Des organisations et des experts soutiennent que la loi sur l’IA est «inadéquate»
OTTAWA — Des dizaines d’experts, d’universitaires et d’organisations de la société civile demandent au gouvernement fédéral de retirer le volet sur l’intelligence artificielle de son projet de loi sur la protection de la vie privée, estimant que les deux enjeux doivent être étudiés séparément.
L’an dernier, les libéraux ont présenté un projet de loi sur la protection de la vie privée visant à donner aux Canadiens plus de contrôle sur la manière dont leurs données personnelles sont utilisées par les entités commerciales.
La pièce législative définissait aussi les amendes qui seraient imposées aux organisations non conformes et présentait de nouvelles règles entourant l’utilisation de l’intelligence artificielle.
Or, dans une lettre envoyée lundi au ministre de l’Innovation, des Sciences et de l’Industrie, François-Philippe Champagne, 45 signataires font valoir que les dispositions actuelles du projet de loi «ne protège(nt) pas les droits et les libertés des citoyen.nes canadien.nes contre les risques liés à l’évolution fulgurante de l’intelligence artificielle».
«Indéniablement, la Loi sur l’intelligence artificielle et les données ne représente pas le projet de loi que la population canadienne mérite.

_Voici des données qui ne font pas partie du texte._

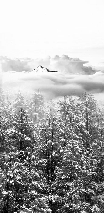 Papier peint panoramique intissé forêt de sapin neige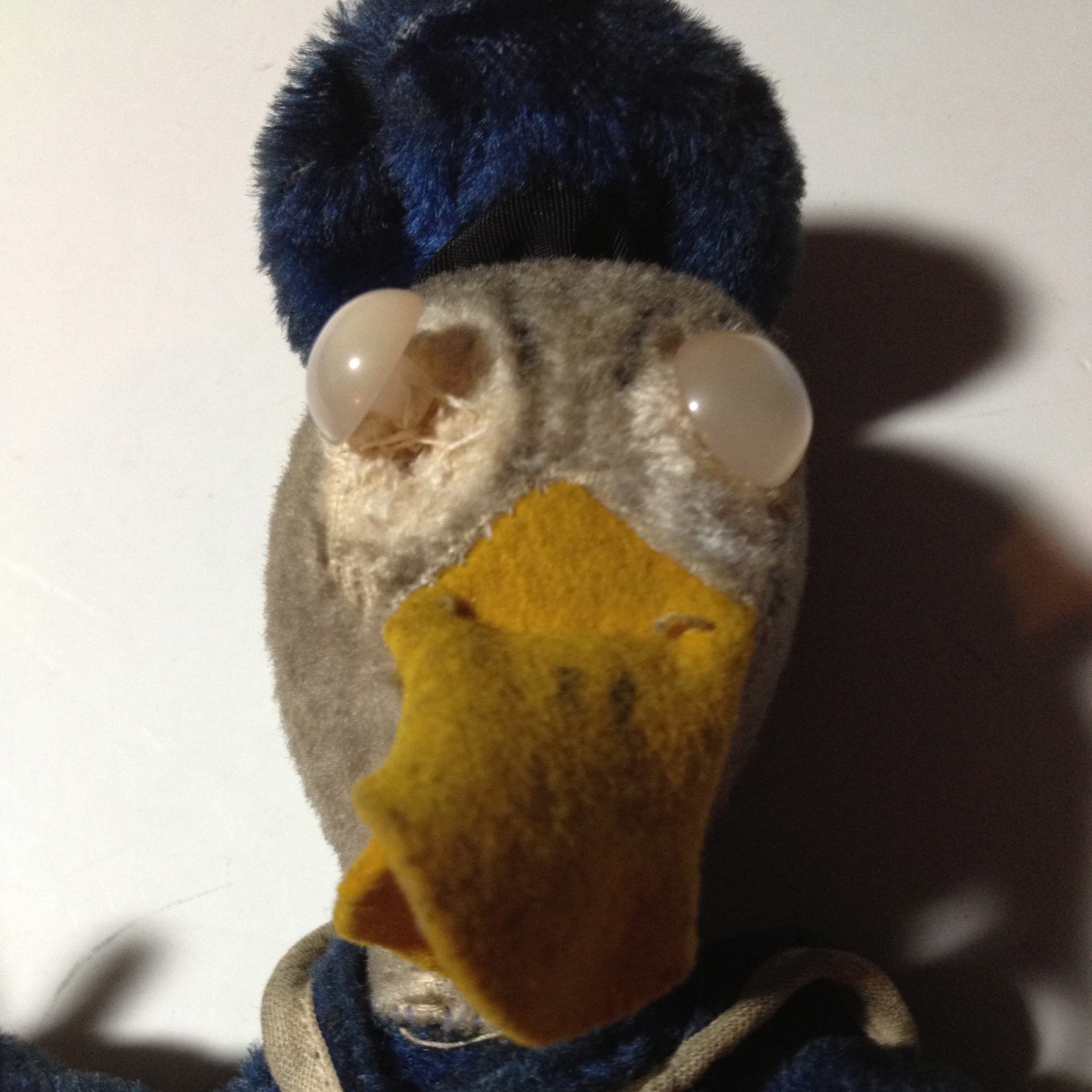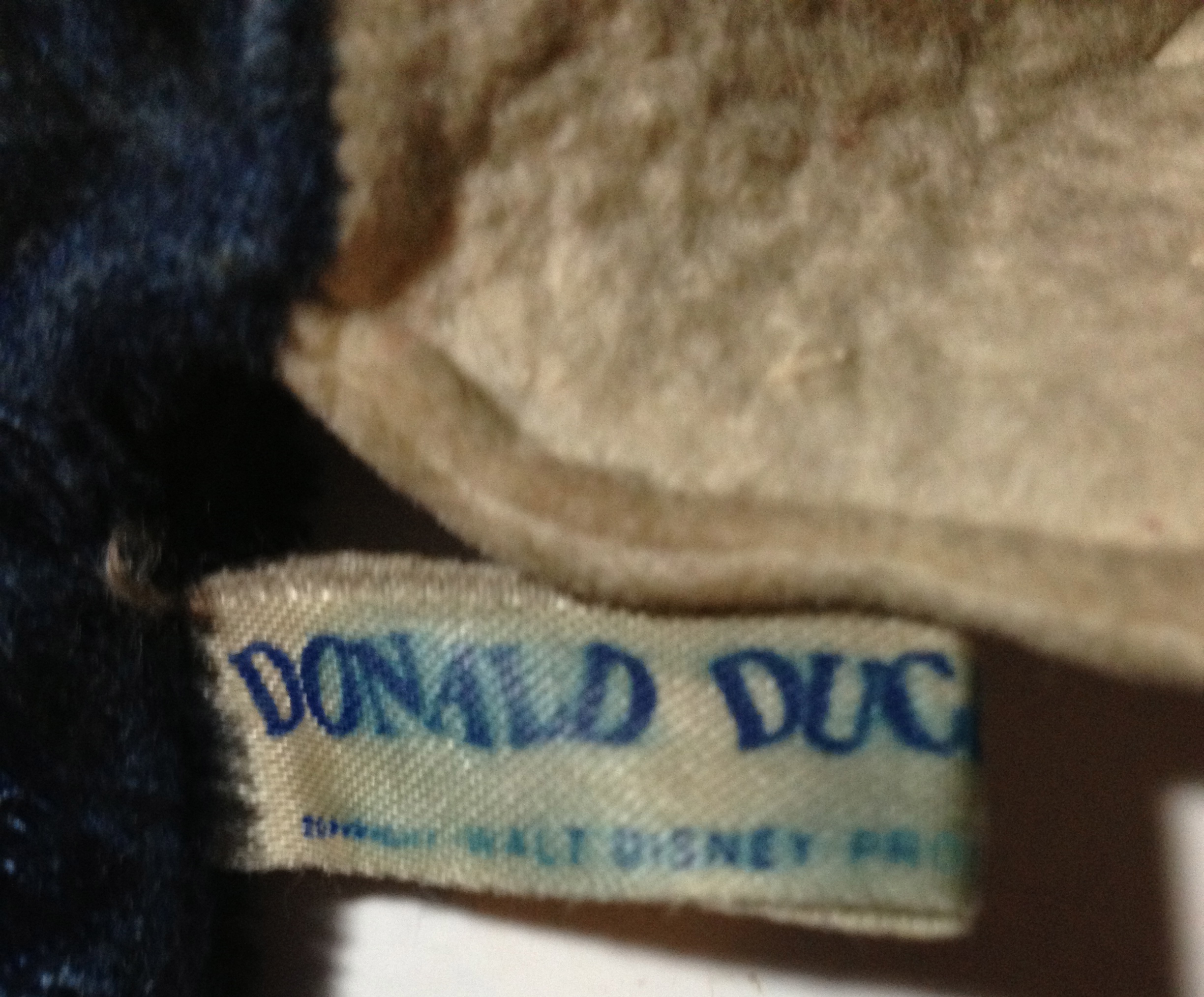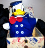 9.5" tall Donald Duck puppet, made of velveteen. All cloth except for the replaced button eyes. Hat has been sewn back on. Made by the "Character Novelty Co. Licensee South Norwalk Conn" Tag also says, "Donald Duck Copyright Walt Disney Prod"

Il faut un rajustement, à défaut de quoi (elle) devra faire l’objet d’une refonte majeure afin de tenir compte des réserves que nous soulevons ici», écrivent les signataires de la lettre.
Les signataires soutiennent qu’Innovation, Sciences et Développement économique Canada ne devrait pas être le principal «ni l’unique rédacteur d’un projet de loi pouvant engendrer des répercussions profondes sur les droits de la personne, le travail et la culture».
Dans leur missive, les signataires affirment que même si la section sur l’intelligence artificielle était retirée du projet de loi, des dispositions sur l’intelligence artificielle pourraient tout de même être mises en place d’ici 2025.
«Il n’est pas nécessaire de repartir de zéro pour améliorer notablement la loi», disent-ils.
Mais en procédant ainsi, les signataires sont d’avis que les députés auraient plus de temps pour se concentrer sur les autres aspects du projet de loi C-27, qui «soulèvent d’importantes préoccupations à l’égard du droit à la vie privée au Canada».
L’Association canadienne des libertés civiles, la Coalition pour la surveillance internationale des libertés civiles et la Ligue des droits et libertés font partie des 19 organisations qui ont signé la lettre, tout comme l’ont fait 26 individus experts.
Le gouvernement soutient que les éléments de son projet de loi qui portent sur l’intelligence artificielle visent à protéger les Canadiens en garantissant que des systèmes sont développés et déployés de manière à identifier, évaluer et réduire les risques de préjudice et de partialité.
Le projet de loi créerait également un commissaire à l’intelligence artificielle et aux données, dont le rôle serait de surveiller la conformité des entreprises, d’ordonner des audits par des tiers et de partager des informations avec d’autres régulateurs.
En outre, la législation imposerait des sanctions en cas d’utilisation de données obtenues illégalement pour le développement de l’intelligence artificielle et pour le déploiement imprudent d’un outil d’intelligence artificielle.
Dans leur lettre ouverte, les signataires affirment que le projet de loi souffre d’un manque de consultation publique et présente plusieurs lacunes.
Ils critiquent la législation pour ne pas reconnaître la vie privée comme un droit humain fondamental, et dénoncent la présence de lacunes importantes dans les définitions.